Menteri Pertahanan Belanda Ruben Brekelmans mengatakan kepada Reuters bahwa pemerintah menghadapi dilema tahanan, terjebak antara kebutuhan untuk memperkenalkan pembatasan yang bertanggung jawab dan keengganan untuk membatasi diri dibandingkan dengan lawan mereka.
“Rusia dan Tiongkok bergerak sangat cepat. Itu menciptakan urgensi untuk membuat kemajuan dalam pengembangan AI. Tetapi melihatnya berjalan cepat juga meningkatkan urgensi untuk terus berupaya pada penggunaannya yang bertanggung jawab. Keduanya berjalan beriringan,” kata Brekelmans.
Pada dua KTT AI militer sebelumnya, yang diadakan di Den Haag dan Seoul pada tahun 2023 dan 2024, sekitar 60 negara, tidak termasuk Tiongkok tetapi termasuk AS, mendukung rencana aksi yang tidak mengikat.

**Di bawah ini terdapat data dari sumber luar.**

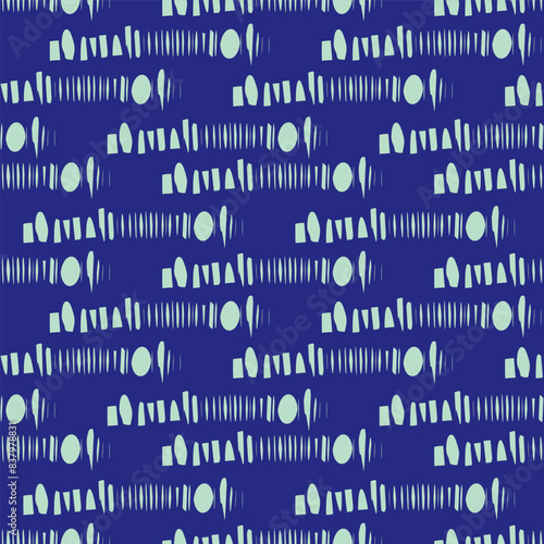 © Gaianami Design, Obraz premium Hand drawn whimsical scribble lines and glitch seamless pattern. Vector painterly textured organic doodle stripe marks background. Playful blue abstract geometric sketchy repeat. Modern all over print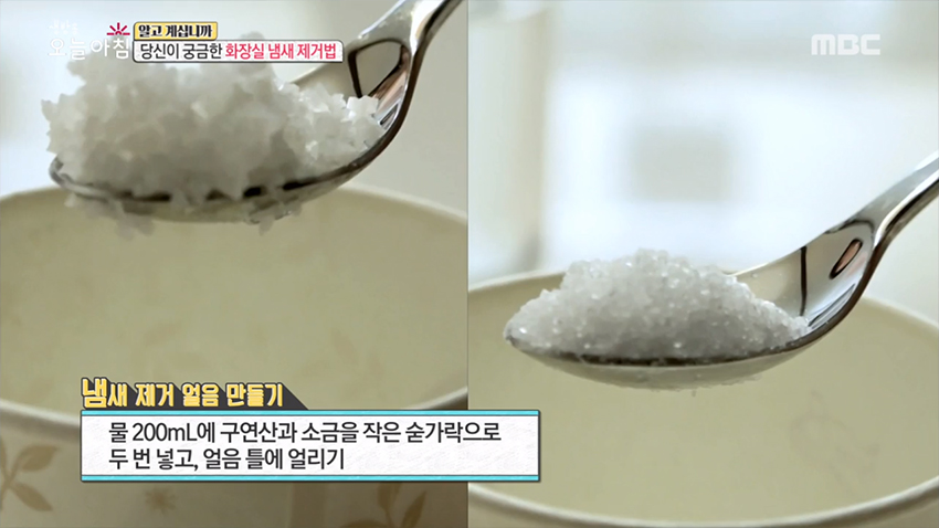 1. 물 200mL에 구연산과 소금을 작은 숟가락으로 두 번 넣고, 얼음 틀어 얼려 냄새 제거 얼음을 만든다.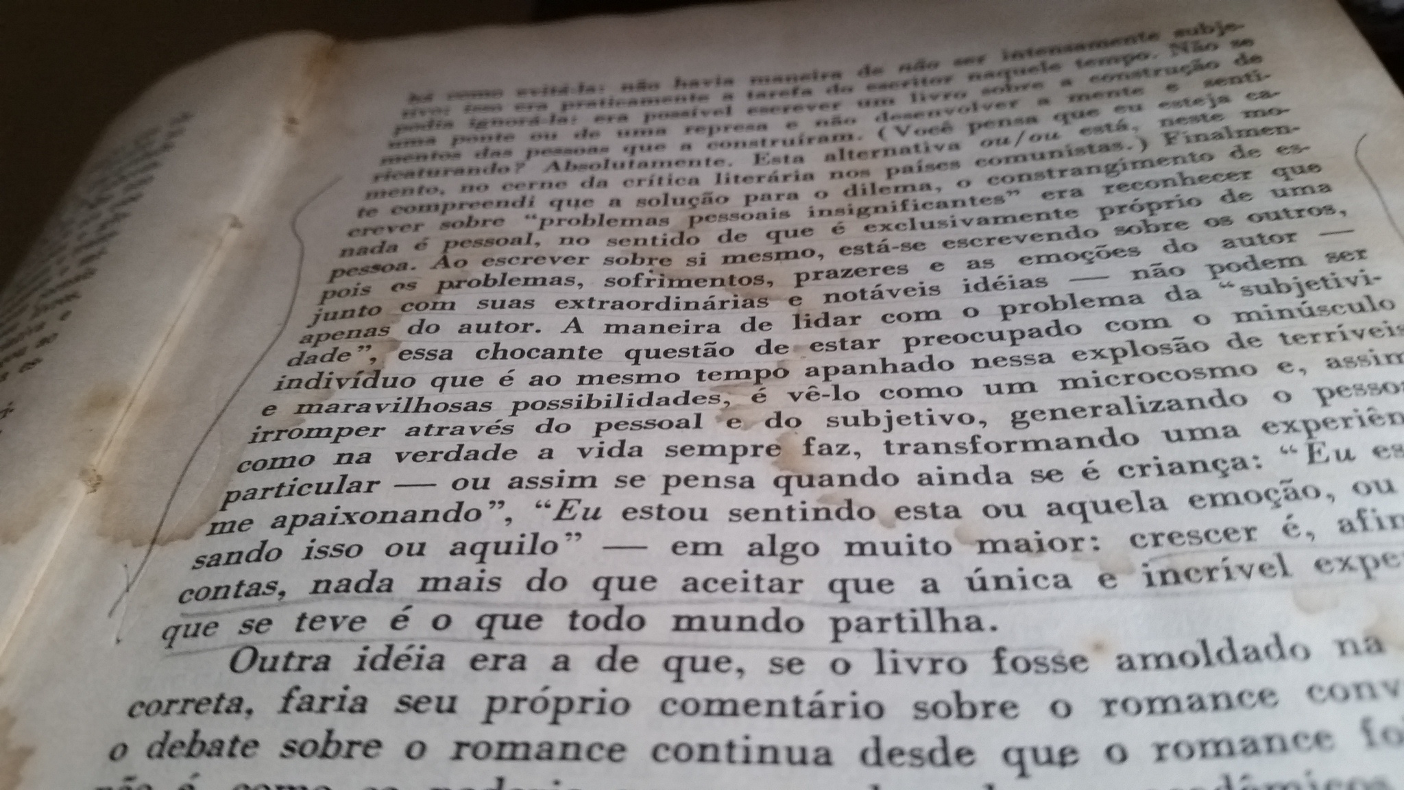 “Finalmente compreendi que a solução para o dilema, o constrangimento de escrever sobre ‘problemas pessoais insignificantes’ era reconhecer que nada é pessoal, no sentido de que é exclusivamente próprio de uma pessoa. Ao escrever sobre si mesmo, está-se escrevendo sobre os outros, pois os problemas, sofrimentos, prazeres e as emoções do autor – junto com suas extraordinárias e notáveis ideias – não podem ser apenas do autor. A maneira de lidar com o problema da ‘subjetividade’, essa chocante questão de estar preocupado com o minúsculo indivíduo que é ao mesmo tempo apanhado nessa explosão de terríveis e maravilhosas possibilidades, é vê-lo como um microcosmo e, assim, irromper através do pessoal e do subjetivo, generalizando o pessoal, como na verdade a vida sempre faz, transformando uma experiência particular – ou assim se pensa quando ainda se é criança: ‘Eu estou me apaixonando’, Eu estou sentindo esta ou aquela emoção, ou pensando isso ou aquilo ‘ ‘- em algo muito maior: crescer é, afinal de contas, nada mais do que aceitar que a única e incrível experiência que se teve é o que todo mundo partilha.” (p.13) O Carnê Dourado, Doris Lessing. Editora Record. RJ. 1972.

Yasmin Afina, seorang peneliti di Institut Penelitian Perlucutan Senjata PBB yang memberikan saran dalam proses tersebut, mencatat bahwa dokumen tahun ini juga tidak memiliki kekuatan hukum yang mengikat. Meskipun demikian, beberapa peserta merasa tidak nyaman dengan gagasan untuk mendukung langkah-langkah kebijakan yang lebih spesifik.(yn)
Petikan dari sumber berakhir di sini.